Non mancano alcune scelte audaci, come la caratterizzazione di Francis, una coccinella maschio trattata da tutti come una femmina per via del suo aspetto, o l’atroce fine che viene riservata a Hopper, ma i messaggi sono sempre uno o due passi indietro rispetto alle gag comiche e non sempre sono ben focalizzati. Il punto di avvio è il desiderio di Flik di distinguersi dalla massa ma la conclusione è una (improvvisa) assunzione di consapevolezza collettiva da parte di tutte le formiche, che capiscono di poter sconfiggere le cavallette in virtú non delle qualità di alcuni individui ma in quanto gruppo compatto e numeroso. Che si tratti di coscienza di classe o del piú tradizionale motto “l’unione fa la forza”, in ogni caso è la negazione dell’individualità.

La computer grafica, notevolissima vent’anni fa, mostra oggi qualche screpolatura, perché se l’universo urbano artificiale di Toy Story riusciva a camuffare egregiamente l’eccessiva semplificazione di alcuni volumi, l’ambiente naturale non perdona e per chi ha negli occhi il realismo quasi fotografico raggiunto di recente dalla stessa Pixar (si pensi a “Il viaggio di Arlo“) lo scarto è evidente.

Per godersi al meglio il film non resta dunque che abbandonarsi alle numerose gag e in particolare quelle che hanno per protagonisti gli animaletti da circo: l’insetto stecco, il bruco ciccione, gli incomprensibili onischi, l’elegante vedova nera e naturalmente l’ambigua coccinella. Tanto che quasi non ci si accorge che alcuni insetti sono stati semplificati per esigenze sceniche: le formiche, la mantide e la coccinella, ad esempio, hanno solo quattro zampe, ma non le cavallette che con le loro sei zampe appaiono per contrasto ancora più “mostruose”.

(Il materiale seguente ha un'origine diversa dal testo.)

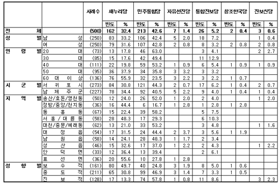 전체 부동층 비율이 7.6%로 비교적 낮게 나타난 가운데 지역별 지지도 조사에서 남원읍(12.1%)과 성산읍(10.9%)을 제외한 전 지역이 10% 이내로 나타나 어느 정도 판세를 가늠할 수 있게 됐다.

Riccardo e Letizia si sono lasciati trasportare dalle frequenti trovate comiche senza affezionarsi a nessun personaggio in particolare. Il film infatti ha un impianto piuttosto corale, anche perché il protagonista Flik non spicca e si lascia facilmente rubare la scena dal titanico Hopper, tanto che Riccardo, in genere piuttosto empatico con gli inventori e i personaggi creativi, gli ha prestato pochissima attenzione.
Ma piú ancora che dalle gag i miei bimbi sono rimasti conquistati dalle sequenze avventurose, come la fuga dall’uccellino tra le zolle di terra screpolate o il volo sul finto uccello durante l’attacco delle cavallette. Un bel giro in giostra che però, dopo i titoli di coda, è stato dimenticato piuttosto velocemente.